The data for this notebook can be found at https://www.kaggle.com/maxhorowitz/nflplaybyplay2009to2016?select=NFL+Play+by+Play+2009-2018+%28v5%29.csv
Please download the csv that has the NFL games from 2009 to 2018

In [None]:
import pandas as pd
from datetime import datetime
import matplotlib.pyplot as plt
import requests
from io import StringIO

In [None]:
#This code is not working so will hav to download the file to your computer

#Read the csv into a pandas dataframe
#orig_url = 'https://drive.google.com/file/d/1JHf7_TE1t35QXq_2n3VYngD9BhMpTUl1/view?usp=sharing'
#file_id = orig_url.split('/')[-2]
#dwn_url='https://drive.google.com/uc?export=download&id=' + file_id
#url = requests.get(dwn_url).text
#csv_raw = StringIO(url)
#NFL = pd.read_csv(csv_raw)

In [None]:
#Take the location of the downloaded csv on your computer and enter it into the input
file = input('Enter the location of the downloaded CSV: ')

In [None]:
NFL = pd.read_csv(file)

### First we entered the location of the NFL CSV which will then be read into a pandas dataframe.
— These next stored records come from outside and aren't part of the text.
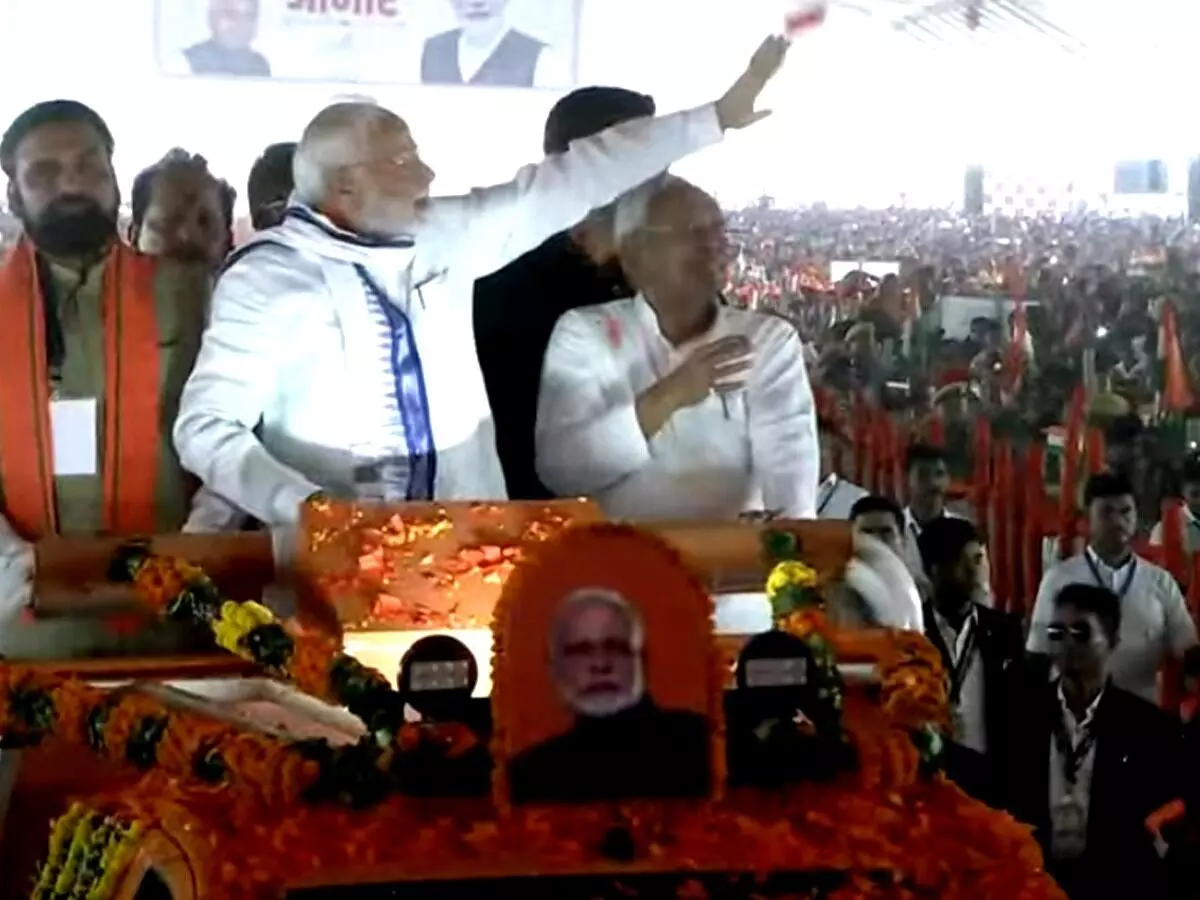 बिहार के सीएम नीतीश कुमार मंच से जनसभा को संबोधित कर रहे हैं। इसके बाद पीएम मोदी जनसभा को संबोधित करेंगे।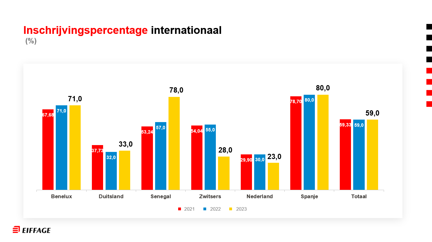 Inschrijvingspercentage internationaal (van de in aanmerking komende werknemers dat heeft ingeschreven)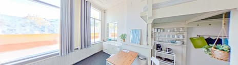 Overloop, twee 2-kamerstudio's met eigenbadkamer en keuken opstelling.

Next we will create a dataframe to only include games that are from 2018. 

In [None]:
NFL2018 = NFL.copy()
NFL2018['game_date'] = pd.to_datetime(NFL2018['game_date'], format = '%Y-%m-%d')
NFL2018 = NFL2018.loc[NFL2018['game_date'].astype(str).str[:4] == '2018']
NFL2018

## Each play of a certain game has that game's game_id. Next we will find the last play of each game to find the final score and compare how many times the home team won vs how many times the away team won. 

In [None]:
game = NFL2018.groupby('game_id')
FinalResults = game.last()
Scores = FinalResults[['total_home_score','total_away_score']]
Scores

In [None]:
# We will query here to count the instances where the home team won and the instances where the away team won
HomeWins = len(Scores.query('total_home_score > total_away_score'))
AwayWins = len(Scores.query('total_home_score < total_away_score'))

In [None]:
# Now visualize the counts of home vs. away wins in a bar chart
teams = ['Home', 'Away']
results = [HomeWins, AwayWins]
plt.bar(teams,results)
plt.xlabel('Home/Away')
plt.ylabel('Number of Wins')
plt.title('2018 NFL Home vs. Away Team Wins')
plt.show()

### It looks like it was advantageous to be the Home team in 2018.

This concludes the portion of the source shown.